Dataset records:
· · · ·

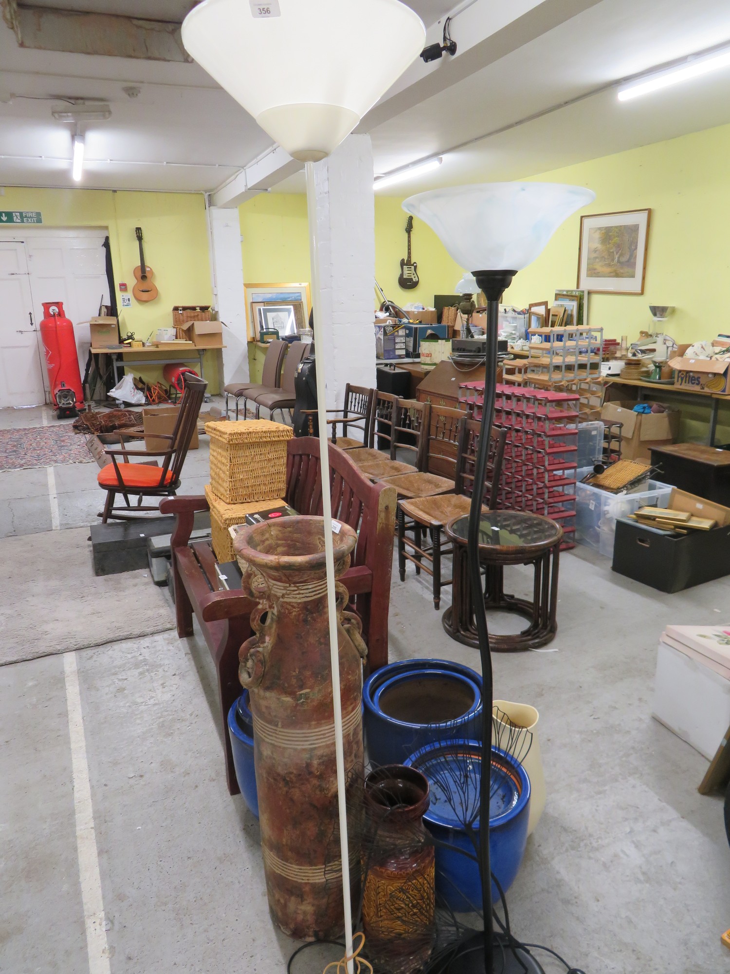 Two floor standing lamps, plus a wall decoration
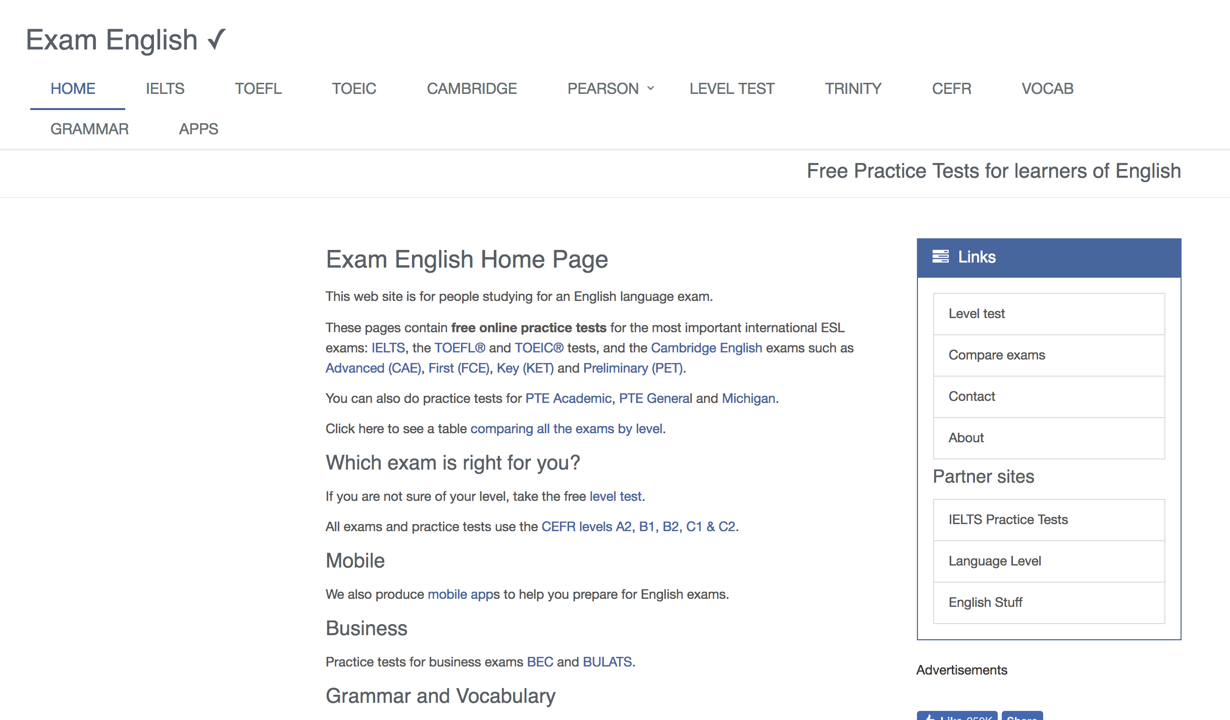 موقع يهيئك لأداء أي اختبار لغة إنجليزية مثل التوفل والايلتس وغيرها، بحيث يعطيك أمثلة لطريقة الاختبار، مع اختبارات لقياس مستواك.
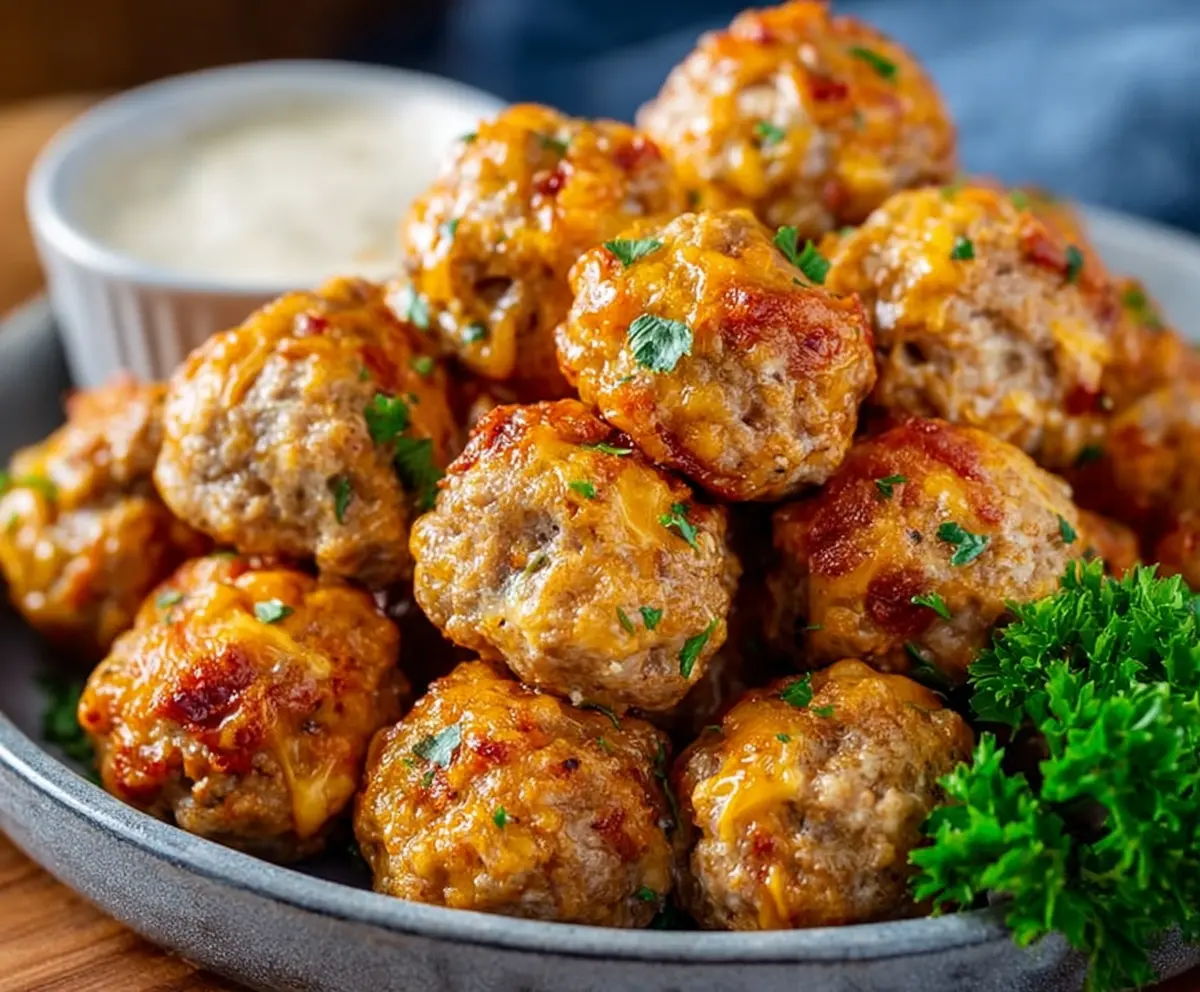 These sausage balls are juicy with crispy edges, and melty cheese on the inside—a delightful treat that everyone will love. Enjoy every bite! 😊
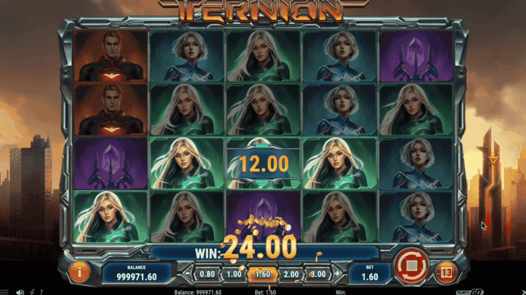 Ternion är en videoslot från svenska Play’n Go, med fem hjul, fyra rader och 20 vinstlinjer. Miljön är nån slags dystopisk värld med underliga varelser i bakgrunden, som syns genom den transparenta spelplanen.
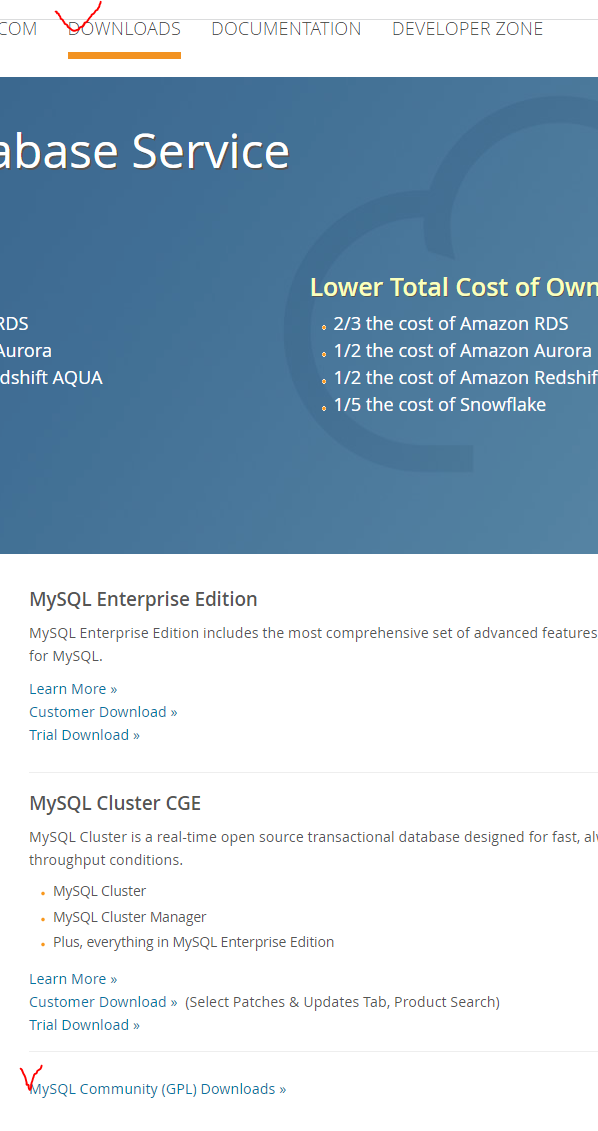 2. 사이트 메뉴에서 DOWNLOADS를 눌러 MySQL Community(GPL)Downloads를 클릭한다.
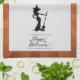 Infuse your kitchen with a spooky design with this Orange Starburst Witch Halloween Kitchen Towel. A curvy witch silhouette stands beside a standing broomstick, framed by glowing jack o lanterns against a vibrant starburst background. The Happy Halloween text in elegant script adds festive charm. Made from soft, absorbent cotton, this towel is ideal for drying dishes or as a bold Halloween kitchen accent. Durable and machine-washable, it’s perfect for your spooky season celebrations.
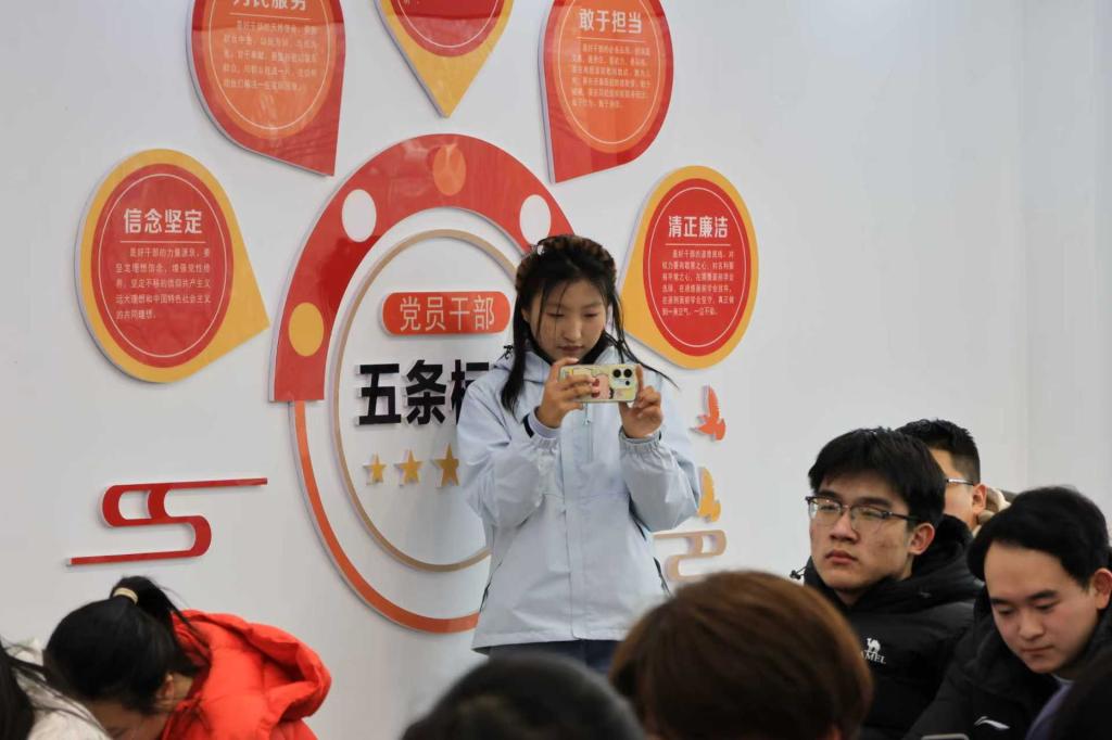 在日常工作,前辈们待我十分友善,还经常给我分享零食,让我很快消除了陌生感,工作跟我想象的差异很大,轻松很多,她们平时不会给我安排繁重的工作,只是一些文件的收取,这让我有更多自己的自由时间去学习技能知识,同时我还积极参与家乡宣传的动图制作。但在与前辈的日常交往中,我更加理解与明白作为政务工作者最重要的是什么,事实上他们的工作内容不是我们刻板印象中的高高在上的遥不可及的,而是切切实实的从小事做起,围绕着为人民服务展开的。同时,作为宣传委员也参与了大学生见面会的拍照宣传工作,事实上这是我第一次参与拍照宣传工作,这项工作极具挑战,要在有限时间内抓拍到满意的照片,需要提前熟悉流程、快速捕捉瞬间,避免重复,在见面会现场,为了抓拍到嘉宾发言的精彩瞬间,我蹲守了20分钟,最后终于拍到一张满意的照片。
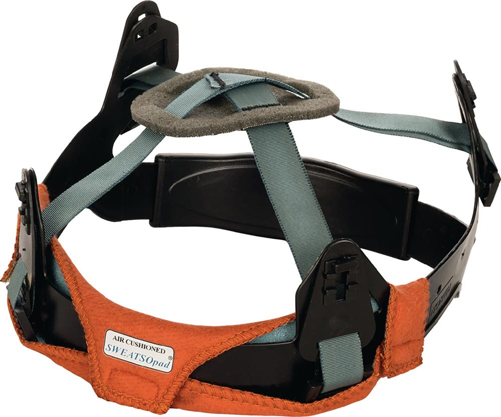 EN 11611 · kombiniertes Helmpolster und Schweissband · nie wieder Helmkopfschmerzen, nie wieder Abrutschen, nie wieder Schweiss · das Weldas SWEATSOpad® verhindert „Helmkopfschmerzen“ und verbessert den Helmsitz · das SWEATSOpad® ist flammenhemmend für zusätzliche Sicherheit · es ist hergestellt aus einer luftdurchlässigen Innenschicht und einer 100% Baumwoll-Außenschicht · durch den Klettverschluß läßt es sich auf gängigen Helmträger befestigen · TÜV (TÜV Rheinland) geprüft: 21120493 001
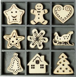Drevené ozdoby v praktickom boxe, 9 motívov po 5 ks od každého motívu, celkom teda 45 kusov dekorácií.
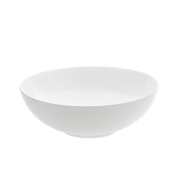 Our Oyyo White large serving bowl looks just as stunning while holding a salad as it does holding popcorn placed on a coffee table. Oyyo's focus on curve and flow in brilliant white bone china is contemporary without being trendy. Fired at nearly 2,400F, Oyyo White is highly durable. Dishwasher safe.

· · · ·

What this task involves: Restate the lines of the records exactly, starting at the first and stopping after the line with "在日常工作,前辈们待我十分友". Leave out any picture.

Answer box:
 Two floor standing lamps, plus a wall decoration
 موقع يهيئك لأداء أي اختبار لغة إنجليزية مثل التوفل والايلتس وغيرها، بحيث يعطيك أمثلة لطريقة الاختبار، مع اختبارات لقياس مستواك.
 These sausage balls are juicy with crispy edges, and melty cheese on the inside—a delightful treat that everyone will love. Enjoy every bite! 😊
 Ternion är en videoslot från svenska Play’n Go, med fem hjul, fyra rader och 20 vinstlinjer. Miljön är nån slags dystopisk värld med underliga varelser i bakgrunden, som syns genom den transparenta spelplanen.
 2. 사이트 메뉴에서 DOWNLOADS를 눌러 MySQL Community(GPL)Downloads를 클릭한다.
 Infuse your kitchen with a spooky design with this Orange Starburst Witch Halloween Kitchen Towel. A curvy witch silhouette stands beside a standing broomstick, framed by glowing jack o lanterns against a vibrant starburst background. The Happy Halloween text in elegant script adds festive charm. Made from soft, absorbent cotton, this towel is ideal for drying dishes or as a bold Halloween kitchen accent. Durable and machine-washable, it’s perfect for your spooky season celebrations.
 在日常工作,前辈们待我十分友善,还经常给我分享零食,让我很快消除了陌生感,工作跟我想象的差异很大,轻松很多,她们平时不会给我安排繁重的工作,只是一些文件的收取,这让我有更多自己的自由时间去学习技能知识,同时我还积极参与家乡宣传的动图制作。但在与前辈的日常交往中,我更加理解与明白作为政务工作者最重要的是什么,事实上他们的工作内容不是我们刻板印象中的高高在上的遥不可及的,而是切切实实的从小事做起,围绕着为人民服务展开的。同时,作为宣传委员也参与了大学生见面会的拍照宣传工作,事实上这是我第一次参与拍照宣传工作,这项工作极具挑战,要在有限时间内抓拍到满意的照片,需要提前熟悉流程、快速捕捉瞬间,避免重复,在见面会现场,为了抓拍到嘉宾发言的精彩瞬间,我蹲守了20分钟,最后终于拍到一张满意的照片。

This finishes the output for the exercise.